Exercise brief —
From the data below, retype exactly the lines starting with the one that contains "Help children aged" and ending with the one that contains "На графиках скорости", both included.
>>>>>
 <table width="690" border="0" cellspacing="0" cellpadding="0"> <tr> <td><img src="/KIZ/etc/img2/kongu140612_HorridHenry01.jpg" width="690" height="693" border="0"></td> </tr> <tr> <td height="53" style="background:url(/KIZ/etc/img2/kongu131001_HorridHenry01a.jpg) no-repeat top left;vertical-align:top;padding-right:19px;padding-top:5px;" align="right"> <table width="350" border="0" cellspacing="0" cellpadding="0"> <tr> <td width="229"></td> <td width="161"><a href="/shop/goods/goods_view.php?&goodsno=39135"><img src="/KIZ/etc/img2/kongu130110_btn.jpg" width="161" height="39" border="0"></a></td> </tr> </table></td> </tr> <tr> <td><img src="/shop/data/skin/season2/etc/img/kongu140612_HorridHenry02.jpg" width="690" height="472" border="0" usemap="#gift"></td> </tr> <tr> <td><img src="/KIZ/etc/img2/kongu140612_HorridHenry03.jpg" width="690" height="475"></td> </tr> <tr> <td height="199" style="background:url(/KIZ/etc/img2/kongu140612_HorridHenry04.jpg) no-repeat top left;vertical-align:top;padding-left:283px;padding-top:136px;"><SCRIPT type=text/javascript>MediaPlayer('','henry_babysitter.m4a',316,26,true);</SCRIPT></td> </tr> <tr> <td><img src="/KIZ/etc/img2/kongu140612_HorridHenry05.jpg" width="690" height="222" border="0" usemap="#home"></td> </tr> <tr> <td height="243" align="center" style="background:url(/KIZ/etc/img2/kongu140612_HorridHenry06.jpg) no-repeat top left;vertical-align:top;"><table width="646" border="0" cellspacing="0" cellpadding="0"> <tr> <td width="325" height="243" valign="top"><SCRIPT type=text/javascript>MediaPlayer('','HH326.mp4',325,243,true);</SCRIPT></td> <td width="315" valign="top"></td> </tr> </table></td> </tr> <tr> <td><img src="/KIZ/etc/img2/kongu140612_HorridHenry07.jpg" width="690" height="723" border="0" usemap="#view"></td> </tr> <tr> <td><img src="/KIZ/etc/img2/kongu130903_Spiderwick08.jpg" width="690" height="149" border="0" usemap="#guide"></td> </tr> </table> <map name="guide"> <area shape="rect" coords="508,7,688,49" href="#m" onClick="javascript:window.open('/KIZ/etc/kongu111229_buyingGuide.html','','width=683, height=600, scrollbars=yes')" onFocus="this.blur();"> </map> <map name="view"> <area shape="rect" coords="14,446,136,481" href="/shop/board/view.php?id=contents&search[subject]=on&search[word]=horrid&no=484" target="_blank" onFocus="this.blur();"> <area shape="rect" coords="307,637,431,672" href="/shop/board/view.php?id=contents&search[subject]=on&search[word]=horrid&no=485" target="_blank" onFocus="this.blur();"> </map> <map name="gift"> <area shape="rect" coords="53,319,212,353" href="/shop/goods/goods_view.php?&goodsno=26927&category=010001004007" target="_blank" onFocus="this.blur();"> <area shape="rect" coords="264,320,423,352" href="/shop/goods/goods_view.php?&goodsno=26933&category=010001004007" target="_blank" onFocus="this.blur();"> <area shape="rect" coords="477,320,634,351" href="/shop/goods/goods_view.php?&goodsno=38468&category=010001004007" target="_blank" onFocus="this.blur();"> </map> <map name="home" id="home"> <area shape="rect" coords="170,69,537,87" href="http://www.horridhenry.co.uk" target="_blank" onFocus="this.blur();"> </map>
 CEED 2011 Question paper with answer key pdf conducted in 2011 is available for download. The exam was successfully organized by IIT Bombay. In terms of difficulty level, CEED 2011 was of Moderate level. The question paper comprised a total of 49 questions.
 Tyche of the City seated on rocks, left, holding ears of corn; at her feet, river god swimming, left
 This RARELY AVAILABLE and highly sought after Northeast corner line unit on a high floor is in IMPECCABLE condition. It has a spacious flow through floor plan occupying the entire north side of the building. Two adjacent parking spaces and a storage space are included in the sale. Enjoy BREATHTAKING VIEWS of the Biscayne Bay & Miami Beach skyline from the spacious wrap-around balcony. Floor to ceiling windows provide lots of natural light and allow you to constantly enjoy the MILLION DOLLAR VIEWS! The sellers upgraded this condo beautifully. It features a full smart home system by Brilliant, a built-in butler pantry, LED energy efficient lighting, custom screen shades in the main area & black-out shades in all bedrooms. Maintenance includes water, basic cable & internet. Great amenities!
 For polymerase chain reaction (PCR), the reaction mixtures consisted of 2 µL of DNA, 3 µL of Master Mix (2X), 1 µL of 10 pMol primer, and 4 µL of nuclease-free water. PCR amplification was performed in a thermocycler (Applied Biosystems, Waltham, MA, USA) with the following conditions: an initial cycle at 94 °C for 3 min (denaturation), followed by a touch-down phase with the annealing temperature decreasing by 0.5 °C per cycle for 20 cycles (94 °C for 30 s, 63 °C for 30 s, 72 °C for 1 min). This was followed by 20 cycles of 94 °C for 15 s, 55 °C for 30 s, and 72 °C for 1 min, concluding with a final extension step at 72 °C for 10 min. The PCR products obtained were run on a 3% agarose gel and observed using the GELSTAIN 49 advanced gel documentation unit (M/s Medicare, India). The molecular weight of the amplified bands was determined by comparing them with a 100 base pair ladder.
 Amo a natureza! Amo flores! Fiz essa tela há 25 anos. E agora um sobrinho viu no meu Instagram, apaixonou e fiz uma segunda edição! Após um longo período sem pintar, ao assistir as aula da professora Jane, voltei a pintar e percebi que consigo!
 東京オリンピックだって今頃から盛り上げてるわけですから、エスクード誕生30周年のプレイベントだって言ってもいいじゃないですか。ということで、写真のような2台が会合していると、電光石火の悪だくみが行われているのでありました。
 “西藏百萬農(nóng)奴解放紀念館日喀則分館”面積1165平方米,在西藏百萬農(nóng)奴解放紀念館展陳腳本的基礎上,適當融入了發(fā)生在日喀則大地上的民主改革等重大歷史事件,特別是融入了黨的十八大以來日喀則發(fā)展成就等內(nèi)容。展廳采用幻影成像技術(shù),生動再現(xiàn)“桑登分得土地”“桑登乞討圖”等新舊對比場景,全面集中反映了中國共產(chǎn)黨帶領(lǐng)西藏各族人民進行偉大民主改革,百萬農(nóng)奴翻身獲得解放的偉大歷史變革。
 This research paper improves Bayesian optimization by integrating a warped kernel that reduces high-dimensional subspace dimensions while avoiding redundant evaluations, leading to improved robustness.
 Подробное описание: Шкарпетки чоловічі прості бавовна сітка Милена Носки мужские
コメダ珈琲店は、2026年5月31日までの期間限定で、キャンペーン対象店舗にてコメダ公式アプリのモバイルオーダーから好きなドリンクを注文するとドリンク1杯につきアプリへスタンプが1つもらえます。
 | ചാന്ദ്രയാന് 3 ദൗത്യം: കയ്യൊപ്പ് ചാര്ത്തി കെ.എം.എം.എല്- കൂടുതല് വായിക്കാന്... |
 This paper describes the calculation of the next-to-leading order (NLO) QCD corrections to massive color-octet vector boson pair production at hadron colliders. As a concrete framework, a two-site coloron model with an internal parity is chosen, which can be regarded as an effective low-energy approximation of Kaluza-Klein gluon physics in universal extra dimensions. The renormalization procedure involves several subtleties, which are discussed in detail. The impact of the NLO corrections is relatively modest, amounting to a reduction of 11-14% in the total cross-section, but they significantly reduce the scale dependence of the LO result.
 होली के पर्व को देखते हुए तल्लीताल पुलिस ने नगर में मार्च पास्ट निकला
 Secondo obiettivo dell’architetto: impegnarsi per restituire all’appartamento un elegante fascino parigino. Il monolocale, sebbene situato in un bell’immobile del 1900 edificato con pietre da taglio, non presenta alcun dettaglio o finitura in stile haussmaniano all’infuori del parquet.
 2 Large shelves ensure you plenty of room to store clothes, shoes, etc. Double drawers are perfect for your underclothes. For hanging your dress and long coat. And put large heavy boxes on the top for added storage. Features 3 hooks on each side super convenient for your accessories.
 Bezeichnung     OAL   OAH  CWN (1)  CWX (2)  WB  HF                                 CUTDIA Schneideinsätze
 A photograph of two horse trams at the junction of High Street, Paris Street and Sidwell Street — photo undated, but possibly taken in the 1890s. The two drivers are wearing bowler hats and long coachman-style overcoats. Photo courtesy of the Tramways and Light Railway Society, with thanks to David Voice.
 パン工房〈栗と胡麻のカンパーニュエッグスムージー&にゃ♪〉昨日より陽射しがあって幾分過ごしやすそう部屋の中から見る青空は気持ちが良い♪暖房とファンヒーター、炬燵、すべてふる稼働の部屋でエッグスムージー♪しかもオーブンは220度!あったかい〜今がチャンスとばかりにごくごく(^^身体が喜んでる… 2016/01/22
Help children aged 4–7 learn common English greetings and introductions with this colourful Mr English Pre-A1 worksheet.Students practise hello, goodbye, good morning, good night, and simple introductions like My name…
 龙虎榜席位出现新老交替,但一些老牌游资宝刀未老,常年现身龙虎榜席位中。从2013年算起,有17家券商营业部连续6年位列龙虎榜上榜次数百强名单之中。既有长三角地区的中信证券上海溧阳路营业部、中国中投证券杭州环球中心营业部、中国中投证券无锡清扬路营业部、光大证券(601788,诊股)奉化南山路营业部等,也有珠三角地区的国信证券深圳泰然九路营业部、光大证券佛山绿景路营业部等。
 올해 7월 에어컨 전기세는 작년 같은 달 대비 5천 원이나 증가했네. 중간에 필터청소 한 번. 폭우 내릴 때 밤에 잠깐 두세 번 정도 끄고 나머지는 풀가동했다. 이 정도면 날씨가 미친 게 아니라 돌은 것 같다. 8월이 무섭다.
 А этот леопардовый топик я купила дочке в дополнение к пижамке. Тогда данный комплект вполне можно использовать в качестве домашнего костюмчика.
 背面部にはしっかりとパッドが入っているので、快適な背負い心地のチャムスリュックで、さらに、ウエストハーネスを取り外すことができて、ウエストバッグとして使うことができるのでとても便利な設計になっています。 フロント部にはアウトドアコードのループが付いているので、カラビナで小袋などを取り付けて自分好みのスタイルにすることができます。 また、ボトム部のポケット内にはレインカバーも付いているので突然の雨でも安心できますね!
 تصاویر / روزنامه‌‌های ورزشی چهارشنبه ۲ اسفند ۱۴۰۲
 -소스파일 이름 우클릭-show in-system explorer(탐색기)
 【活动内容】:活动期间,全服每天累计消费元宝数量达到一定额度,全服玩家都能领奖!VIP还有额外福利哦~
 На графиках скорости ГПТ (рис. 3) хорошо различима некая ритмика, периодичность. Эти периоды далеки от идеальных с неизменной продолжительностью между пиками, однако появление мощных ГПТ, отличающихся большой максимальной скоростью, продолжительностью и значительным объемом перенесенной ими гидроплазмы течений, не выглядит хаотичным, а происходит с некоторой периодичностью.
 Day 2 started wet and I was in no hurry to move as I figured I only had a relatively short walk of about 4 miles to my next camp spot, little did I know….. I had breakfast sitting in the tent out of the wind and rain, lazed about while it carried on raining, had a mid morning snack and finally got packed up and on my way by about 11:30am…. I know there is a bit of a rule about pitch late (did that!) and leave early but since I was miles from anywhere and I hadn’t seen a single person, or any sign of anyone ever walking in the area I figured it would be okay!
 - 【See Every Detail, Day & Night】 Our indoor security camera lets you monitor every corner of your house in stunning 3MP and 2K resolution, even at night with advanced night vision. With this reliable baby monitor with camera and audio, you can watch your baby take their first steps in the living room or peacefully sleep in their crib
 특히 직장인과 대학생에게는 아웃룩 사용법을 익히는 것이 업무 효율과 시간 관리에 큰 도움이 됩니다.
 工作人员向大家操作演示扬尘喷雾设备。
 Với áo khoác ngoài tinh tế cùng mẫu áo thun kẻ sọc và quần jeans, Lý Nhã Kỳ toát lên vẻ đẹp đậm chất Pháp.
<<<<<
Output for this exercise —
Help children aged 4–7 learn common English greetings and introductions with this colourful Mr English Pre-A1 worksheet.Students practise hello, goodbye, good morning, good night, and simple introductions like My name…
 龙虎榜席位出现新老交替,但一些老牌游资宝刀未老,常年现身龙虎榜席位中。从2013年算起,有17家券商营业部连续6年位列龙虎榜上榜次数百强名单之中。既有长三角地区的中信证券上海溧阳路营业部、中国中投证券杭州环球中心营业部、中国中投证券无锡清扬路营业部、光大证券(601788,诊股)奉化南山路营业部等,也有珠三角地区的国信证券深圳泰然九路营业部、光大证券佛山绿景路营业部等。
 올해 7월 에어컨 전기세는 작년 같은 달 대비 5천 원이나 증가했네. 중간에 필터청소 한 번. 폭우 내릴 때 밤에 잠깐 두세 번 정도 끄고 나머지는 풀가동했다. 이 정도면 날씨가 미친 게 아니라 돌은 것 같다. 8월이 무섭다.
 А этот леопардовый топик я купила дочке в дополнение к пижамке. Тогда данный комплект вполне можно использовать в качестве домашнего костюмчика.
 背面部にはしっかりとパッドが入っているので、快適な背負い心地のチャムスリュックで、さらに、ウエストハーネスを取り外すことができて、ウエストバッグとして使うことができるのでとても便利な設計になっています。 フロント部にはアウトドアコードのループが付いているので、カラビナで小袋などを取り付けて自分好みのスタイルにすることができます。 また、ボトム部のポケット内にはレインカバーも付いているので突然の雨でも安心できますね!
 تصاویر / روزنامه‌‌های ورزشی چهارشنبه ۲ اسفند ۱۴۰۲
 -소스파일 이름 우클릭-show in-system explorer(탐색기)
 【活动内容】:活动期间,全服每天累计消费元宝数量达到一定额度,全服玩家都能领奖!VIP还有额外福利哦~
 На графиках скорости ГПТ (рис. 3) хорошо различима некая ритмика, периодичность. Эти периоды далеки от идеальных с неизменной продолжительностью между пиками, однако появление мощных ГПТ, отличающихся большой максимальной скоростью, продолжительностью и значительным объемом перенесенной ими гидроплазмы течений, не выглядит хаотичным, а происходит с некоторой периодичностью.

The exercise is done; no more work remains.